Der Text beschreibt, dass PUK häufig in Verbindung mit systemischen Autoimmunerkrankungen wie rheumatoider Arthritis, Granulomatose mit Polyangiitis (GPA) oder systemischem Lupus erythematodes (SLE) auftritt. Eine PUK ohne systemische Assoziation wird als Ulcus Mooren bezeichnet und stellt eine Ausschlussdiagnose dar.

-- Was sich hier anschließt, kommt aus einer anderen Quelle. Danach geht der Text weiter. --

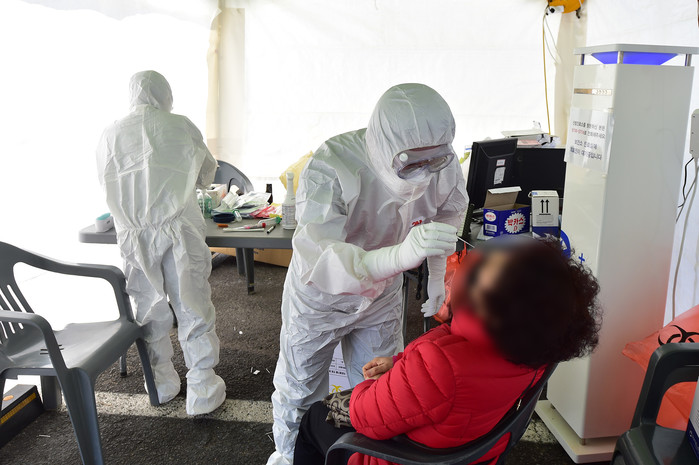 | ▲ 코로나19 의심 환자의 검체를 채취하고 있는 의료진들. (사진제공=진주시청) |

Die Pathophysiologie beruht laut Leitlinie auf einem komplexen Zusammenspiel von Wirtsautoimmunität, der spezifischen Anatomie der peripheren Hornhaut und Umweltfaktoren. Die periphere Hornhaut ist aufgrund ihrer ausgeprägten Gefäßversorgung besonders anfällig für immunvermittelte Schäden.
Empfehlungen
Die Leitlinie formuliert folgende Kernempfehlungen zur Evaluation und Behandlung der peripheren ulzerierenden Keratitis:
Diagnostik und Evaluation
Es wird eine umfassende augenärztliche und systemische Evaluation empfohlen, da PUK häufig das erste Anzeichen einer lebensbedrohlichen Systemerkrankung ist. Vor der Einleitung einer immunsuppressiven Therapie muss eine infektiöse Ursache zwingend ausgeschlossen werden.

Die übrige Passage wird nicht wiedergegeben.